The contract cannot therefore be read in isolation or independently of the main contract or in contradiction with the main contract. In simple terms, the Maxim-Accessorium non ducit sed sed sequitur suum principal (an accessory does not draw, but follows its principle) finds its importance not only in the context of terms within a single agreement, but equally dynamically in the harmonization of separate but integrated main chords and accessories. Since the creation of the United Nations, the number of treaties and the themes they have addressed has increased considerably. It is increasingly common for the same issues to be addressed in complementary global, regional and bilateral treaties. Many of these treaties contain provisions for resolving disputes relating to the interpretation or application of the treaty itself. Only some of these provisions establish mandatory jurisdiction. These circumstances indicate an increasing likelihood of a dispute between states on the basis of the physical provisions of two complementary contracts with dispute resolution clauses, only one of which provides for mediation or a binding decision in general or in connection with that dispute. 70 Article 116, point a), of the LOS Convention states in particular: “All States have the right to fish their nationals on the high seas, subject to: (a) their contractual obligations”. See also Infra Note 125.

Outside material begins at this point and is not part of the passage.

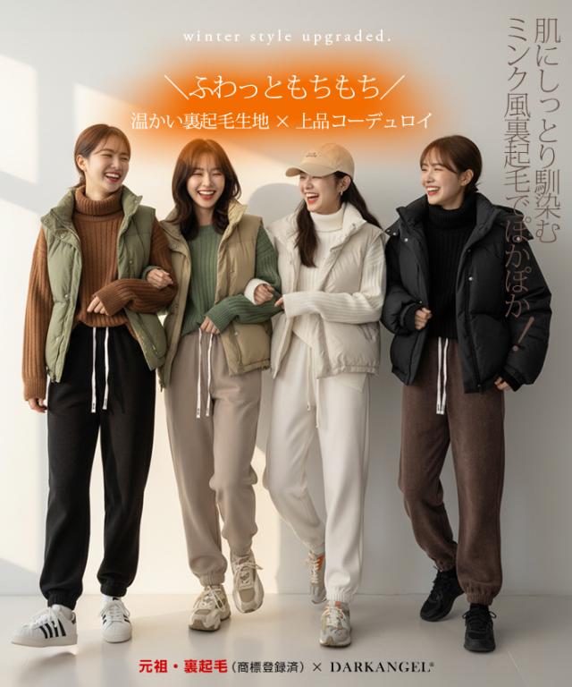 MAX1,500円OFFクーポン配布中!パンツ 裏起毛 ジョガーパンツ テーパードパンツ レディース ウエストゴム ミンク風裏起毛 カジュアル リブ ポケット付き 冬 あたたかい ヒートパンツ 防寒 保温【 ミンク風裏起毛 テーパード&ジョガーパンツ 】ダークエンジェル 秋新作

“It seems likely that an empirical examination would show that the first of these two characteristics is divided by a whole series of agreements, that the latter does not necessarily follow agreements that mention an arbitration procedure, but which have the first characteristic, and that the third is unusual (particularly in an article that begins with the repetition of the fundamental commitment of Article 33 of the United Nations Charter). In this context, the emphasis on the second feature, and in particular the third, in Part 57 of the arbitration award (see below) could be taken into account. Each jurisdiction before which a dispute has been filed under this party applies the relevant provisions of the LOS Convention, that agreement and any relevant sub-regional, regional or global fisheries agreement, as well as generally accepted standards for the conservation and management of marine biological resources and other rules of international law incompatible with the agreement. This assumption may have other consequences in communal law. The absence or exclusion of compulsory jurisdiction is generally not considered relevant to the intention of States to enter into a legally binding international law agreement. However, a municipal court, which is faced with a comprehensive action agreement applicable to all the provisions of a private agreement that includes the Confederation, could conclude that the express exclusion of any judicial, arbitrary or equivalent recourse for infringement is inconsistent with the intention to create a legally binding private law contract. As a result, it may nullify or unenforce the entire agreement.